Центральная линия русского академического позитивизма представляет, разумеется, крайнее западническое крыло в его трех разновидностях: английской, французской и немецкой. Английскую разновидность, представленную профессорами М. М. Троицким и П. Н. Милюковым, мы уже рассмотрели, так же как рассмотрели частью и французскую разновидность в виде Н. И. Кареева и Н. К. Михайловского. К французской же линии принадлежат еще Григорий Николаевич Вырубов (1843-<1913>) и Евгений Валентинович де Роберти де Кастро де ла Серда (1843-<1915>). К немецкой линии придется отнести Владимира Викторовича Лесевича (1837-<1905>). Последнего можно даже отнести к крайним представителям этого направления, характеризующимся воинственным отталкиванием от метафизики и агрессивным атеизмом.

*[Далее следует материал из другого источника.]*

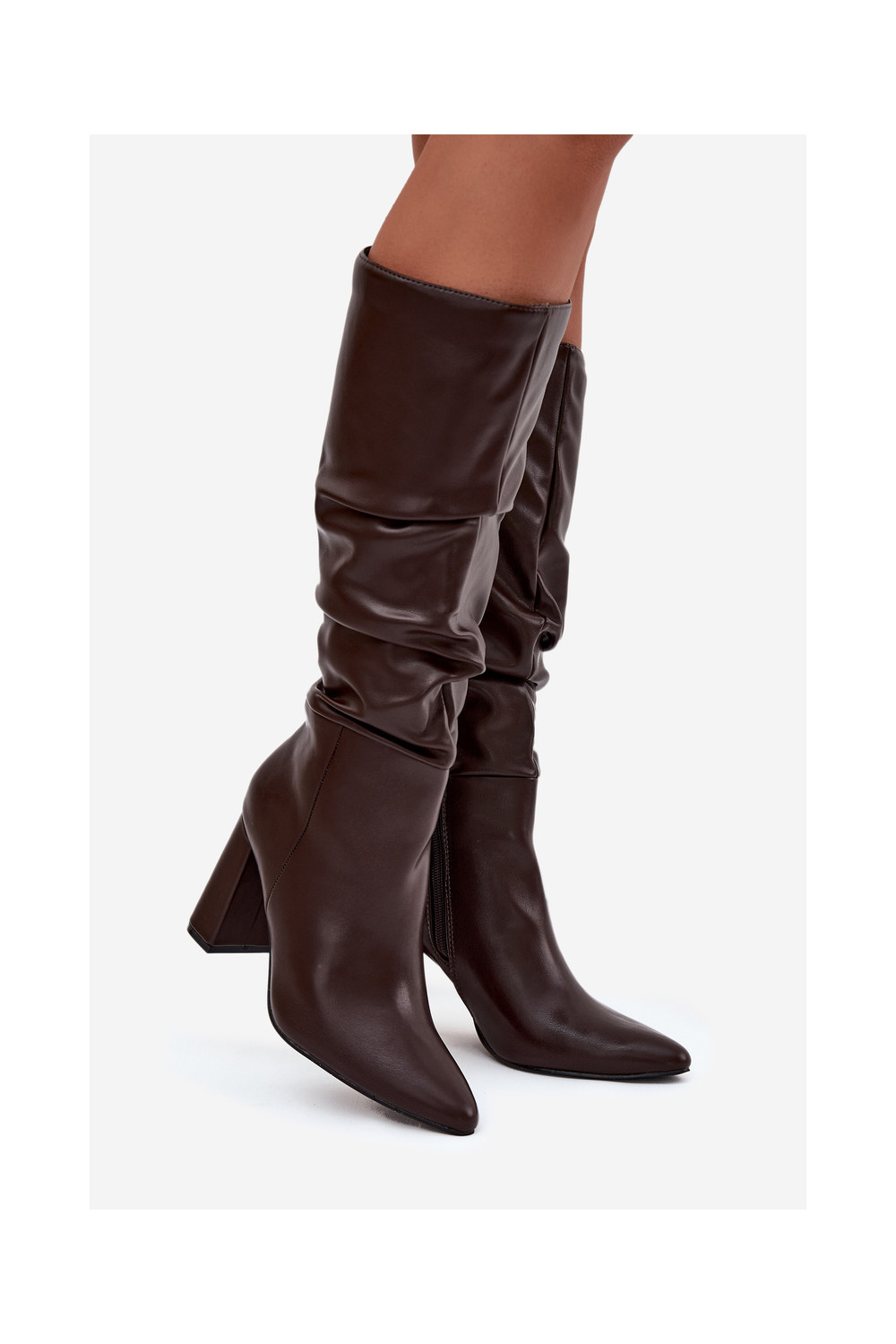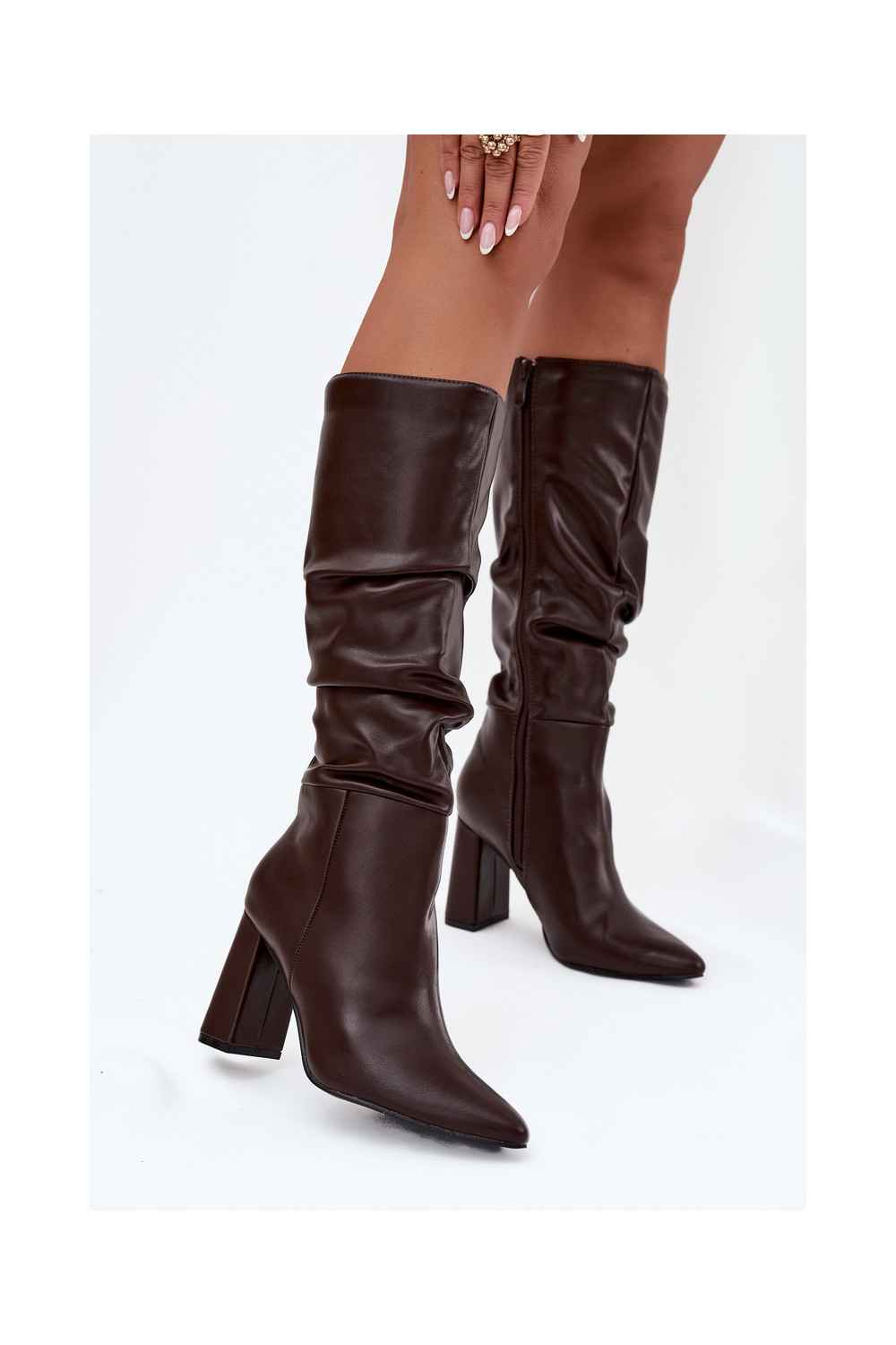 zateplené dámské dlouhé boty s podpatky Czekoladowe Dariane
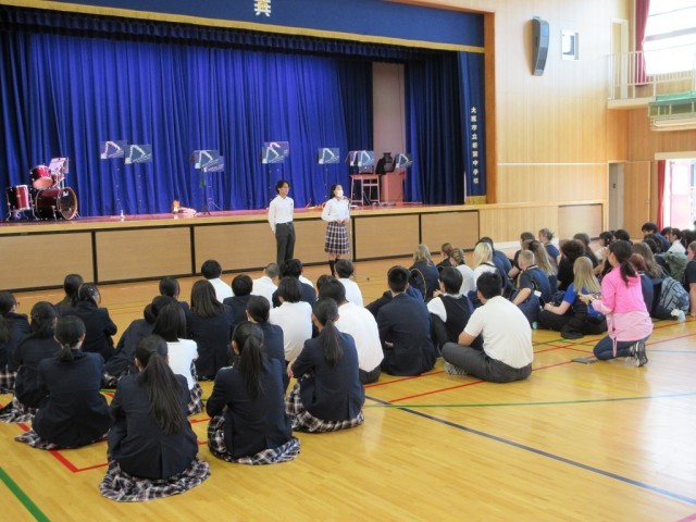 記念品の交換(ワラビーとミャクミャクのぬいぐるみの交換)の後、それぞれの代表生徒から、英語と日本語を交えながら、あいさつがありました。少し緊張した様子でしたが、しっかりと話ができました。
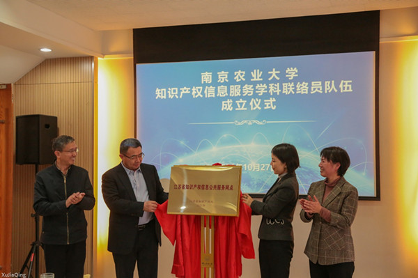 Subsequently, the participating leaders inaugurated the Jiangsu Provincial Intellectual Property Information Public Service Network of Nanjing Agricultural University. At the meeting, the list of the first batch of consultants and liaisons was announced, and the letter of appointment was issued.
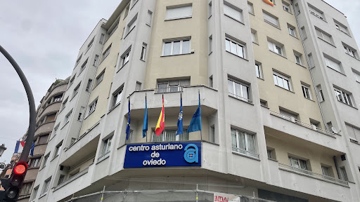 Centro Asturiano de Oviedo, en la cai Uría, 18, primer piso (Uviéu). Institución histórica con dos sedes sociales: ésta de la calle Uría y el club de campo en El Monte Naranco. Su origen se circunscribe al movimiento migratorio de la segunda mitad del s. XIX, cuando numerosos asturianos se trasladarón a Hispanoamérica, en especial, a la Cuba española, en busca de un futuro mejor. Los lazos de solidaridad y el amor a la patria fundamentaron la creación del Centro Asturiano de La Habana (1886), cuyo empuje llevó a la creación de delegaciones en los numerosos lugares donde había asturianos como New York, Tampa y por supuesto Oviedo. La delegación del Centro Asturiano de Oviedo nació como sanatorio, que acogiese a emigrantes retornados a Asturies, enfermos o sin fortuna, eligiendo (1928) por sus favorables condiciones El Monte Naranco como ubicación del centro, que llevaría el nombre de 'Delegación del Centro Asturiano de La Habana'. Se construyó el sanatorio y una casa social de recreo y estaban proyectadas más edificaciones, pero la revolución d'ochobre 34 y la guerra civil impidieron que se ejecutasen; período de crisis de la institución que se agravó aún más con el triunfo de la revolución cubana del 59. En 1967, los asturianos del Centro de La Habana decidieron el cambio de nombre de la entidad, que pasó a denominarse 'Centro Asturiano de Oviedo', a quien pasó la propiedad de los terrenos d'El Naranco, lo que no impidió el declive que propició casi su cierre en los años 70, que los ovetenses y un cambio de comisión gestora logró impedir. En los 80, aparece la institución, recuperada y consolidada, con miles de socios. Junto con estrechar los lazos de unión con otros centros asturianos, americanos y españoles, organiza actividades culturales y deportivas en sus instalaciones. Las instalaciones de la calle Uría tiene salones de lectura, juego, billares (chapó y chapolín), biblioteca, cafetería,...
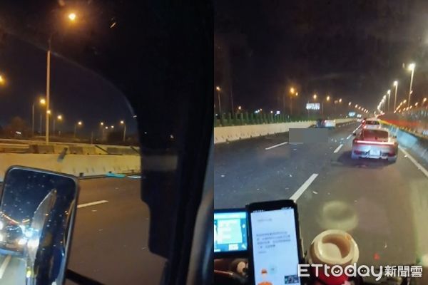 ▲國一北上230.9K處發生嚴重車禍,一人噴飛倒在地上。(圖/記者蔡佩旻翻攝)
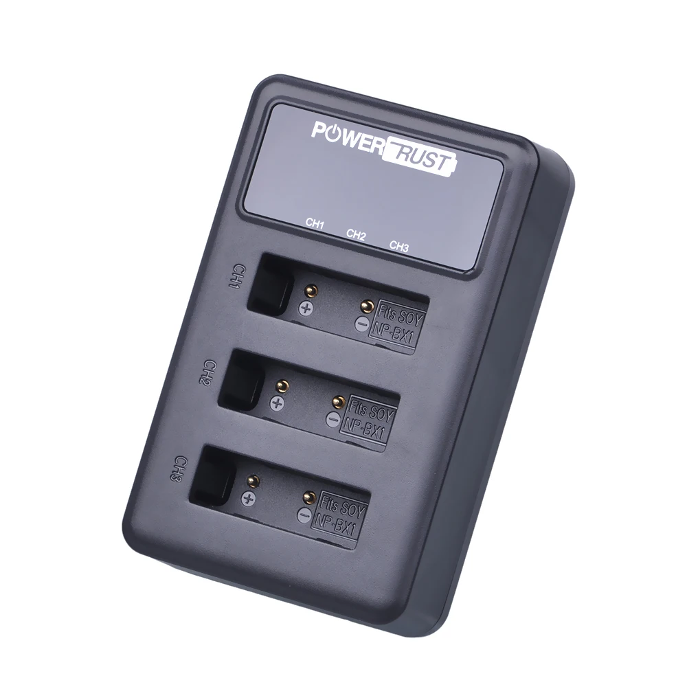 Powertrust NP BX1 Bateria NP-BX1 Batería + LED Cargador USB de 3 puertos para Sony DSC RX1 RX100 AS100V M3 M2 HX300 HX400 HX50 HX60 GWP88 AS15 WX350 ZV-1 Cámara de registro
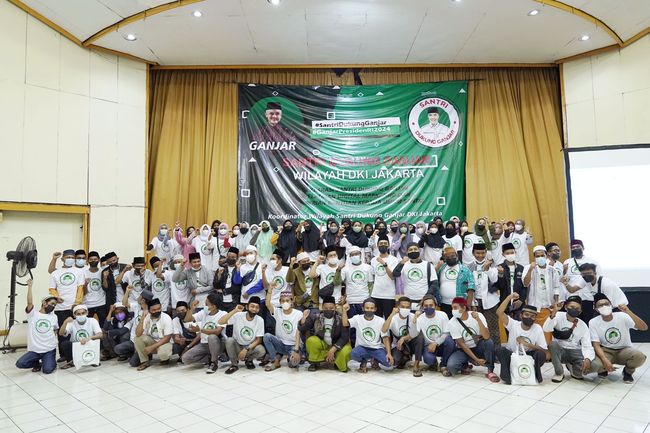 Ratusan santri dan mahasiswa yang tergabung dalam Santri Dukung Ganjar wilayah Jabodetabek menggaungkan deklarasi terhadap Gubernur Jawa Tengah, Ganjar Pranowo. Koordinator Santri Dukung Ganjar wilayah Jabodetabek, Farhan Ikhsan menyebut dukungan itu ditujukkan agar Ganjar maju dalam ajang pemilihan presiden (pilpres) 2024.
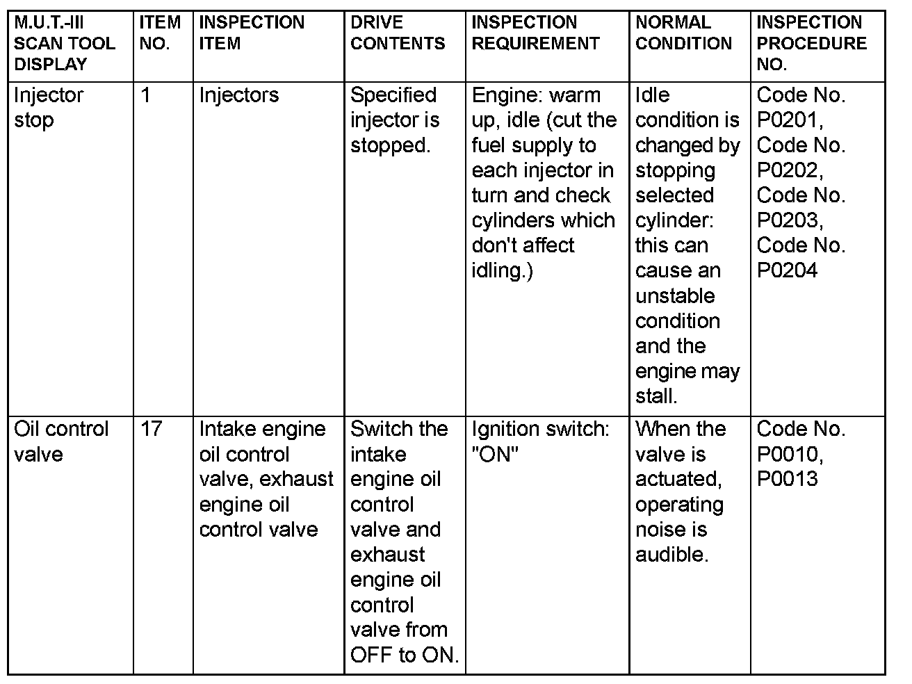 Actuator Test Reference Table (Part 2):
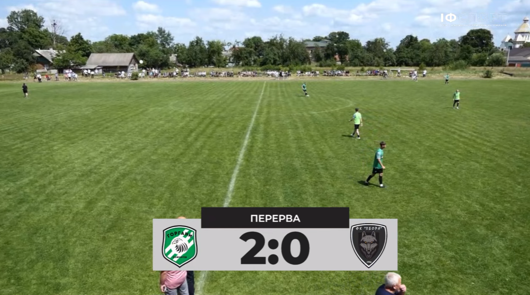 На 41 хвилині, Анатолій Дирів мчався Змістився на ударну позицію та пробив під ближню стійку, але Микола Хом’як знову рятує “Збору” і переводить м’яч на кутовий. Власне з кутового, рожнятівці забили вдруге у ворота “Збори”, чим встановили комфортний для себе рахунок ще до завершення першого тайму. Голом відзначився Василь Халусяк. Наприкінці першої 45-хвилинки “Горгани” здавалося були готові втретє забивати у ворота Хом’яка, але м’яч пролетів повз дальню стійку.
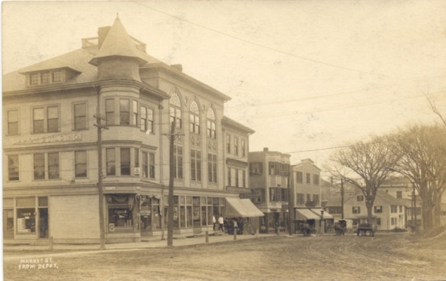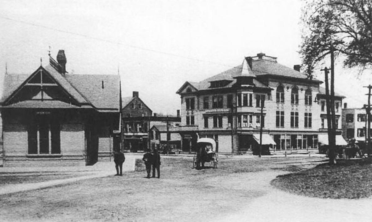 This building stood at Depot Square for a few decades before the current institution for Savings Bank was built on the corner.
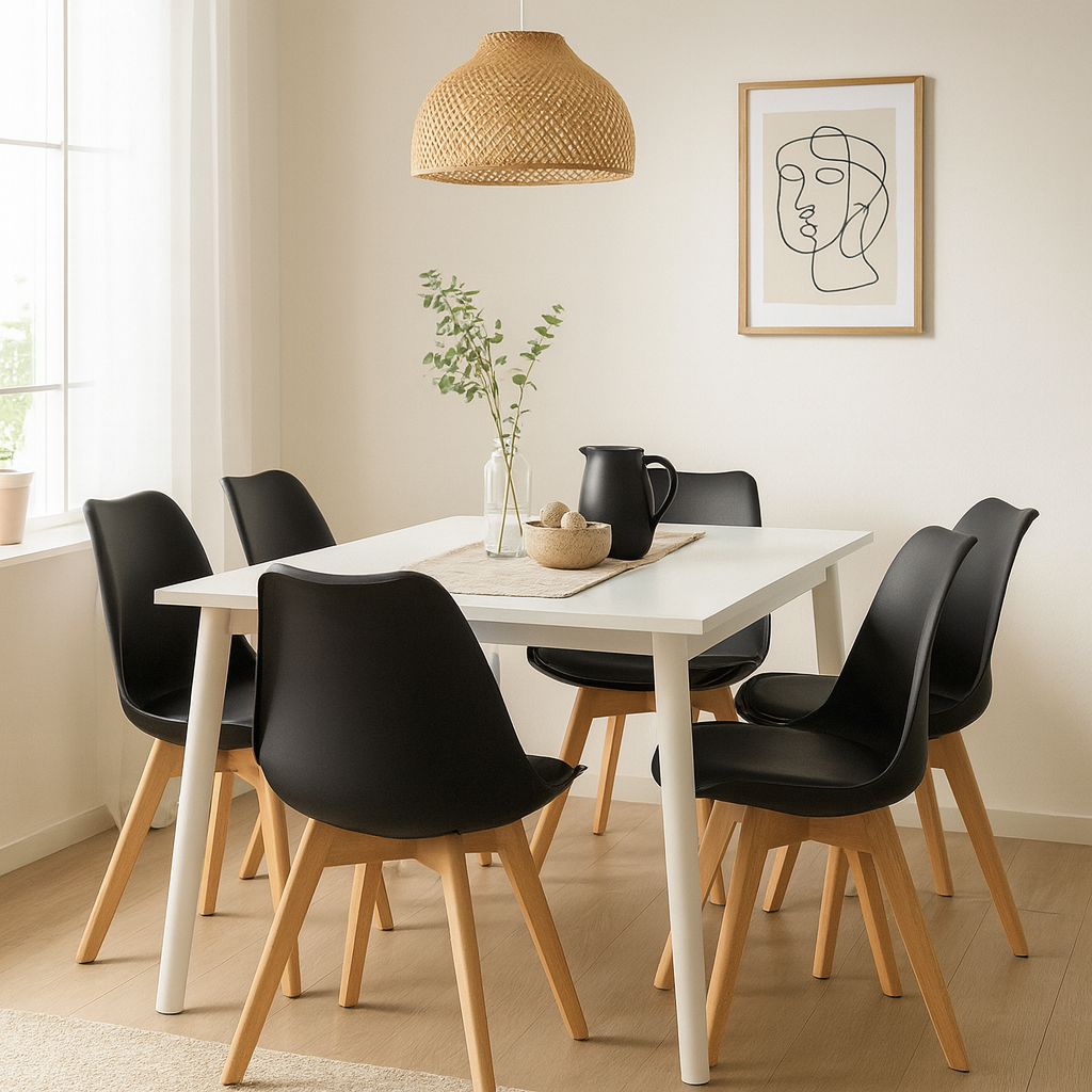Vneste do vašej kuchyne alebo jedálne nadčasový škandinávsky dizajn so setom 2 jedálenských stoličiek Škandinávia v elegantnej čiernej farbe. Tento set 2 stoličiek spája minimalistický vzhľad s vysokou funkčnosťou a komfortom, takže sa stane ideálnym doplnkom moderného interiéru.
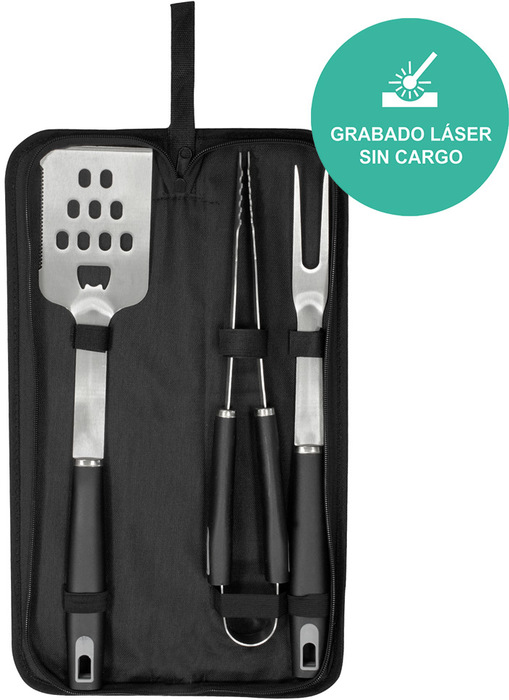 46,5 x 12 x 4,5 cm cerrado. Acero inoxidable y polipropileno + Poliéster. Set de asado en estuche color negro con cierre. Contiene 3 utensilios de acero inoxidable 420: tenedor de 135g y 41 cm de largo; pinza de 275g y 39 cm de largo; y espátula de 225g y 43 cm de largo, todos con mango de polipropileno en color negro. Espátula multipropósito (recoge, escurre, corta y destapa). Calidad premium. Estuche con cierre.
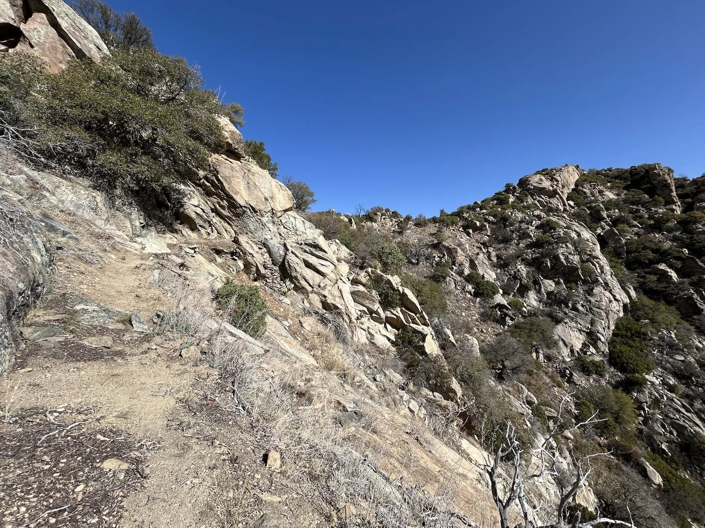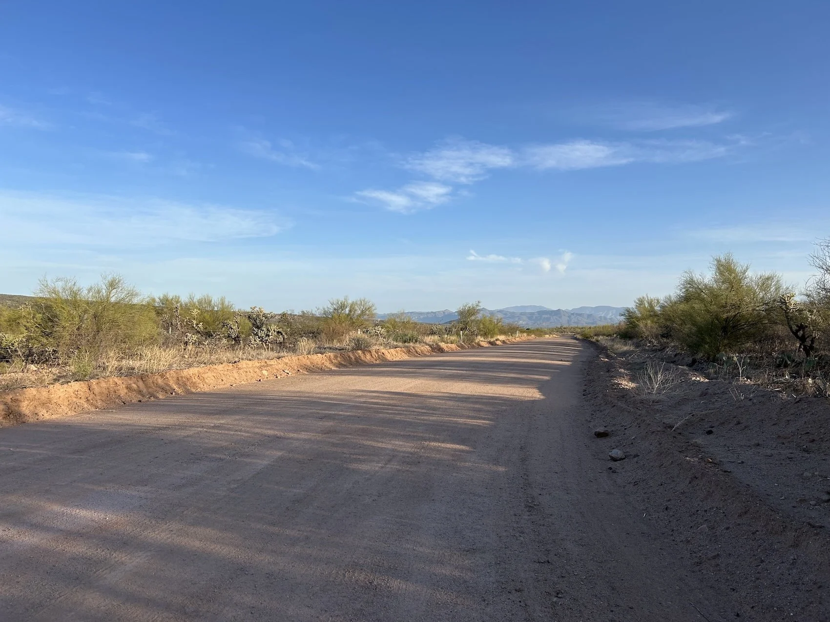 I joined a trail off the highway and relished in its unbelievable quality—it was well maintained! At last! I hiked past the burbling streams in Noon and Marjidilla Canyons, enjoying the relative smoothness of the trail and the open views. This trail would ultimately deposit me on a series of dirt roads through the desert basin in which Safford was situated.

Григорий Николаевич Вырубов принадлежит к числу тех западников, тело которых родилось в России, но душа принадлежит короне французской. Это, пожалуй, самое крайнее проявление западничества после Чаадаева и Печорина. Семья Вырубова жила большей частью за границей и в полном отрыве от русской почвы, к которой эти люди испытывали лишь глубокое презрение. Интересовались Россией лишь с точки зрения доходов. Такое же абсолютно не русское воспитание получил Вырубов в Императорском Александровском лицее. Очень характерно двойное влияние французской литературы и философии Огюста Конта, которое осуществилось через преподавателя лицея Помье на его же и без того совершенно офранцуженных и лишь русских по фамилии слушателей. К этому влиянию Огюста Конта и французской литературы присоединились еще сильнее личные лекции известного анатома и материалиста Грубера в Медико-хирургической академии. По получении в Московском университете степени кандидата естественных наук в 1864 г. в разгар нигилистического, т. е. крайнего западнического, движения, Г. Н. Вырубов, наподобие Печорина, уехал навсегда на свою духовную родину, на Запад, приезжая в Россию в качестве, так ск<азать>, «знатного иностранца» («иностранец Василий Федорович», по Гоголю) — и только на короткое время. <...>[720]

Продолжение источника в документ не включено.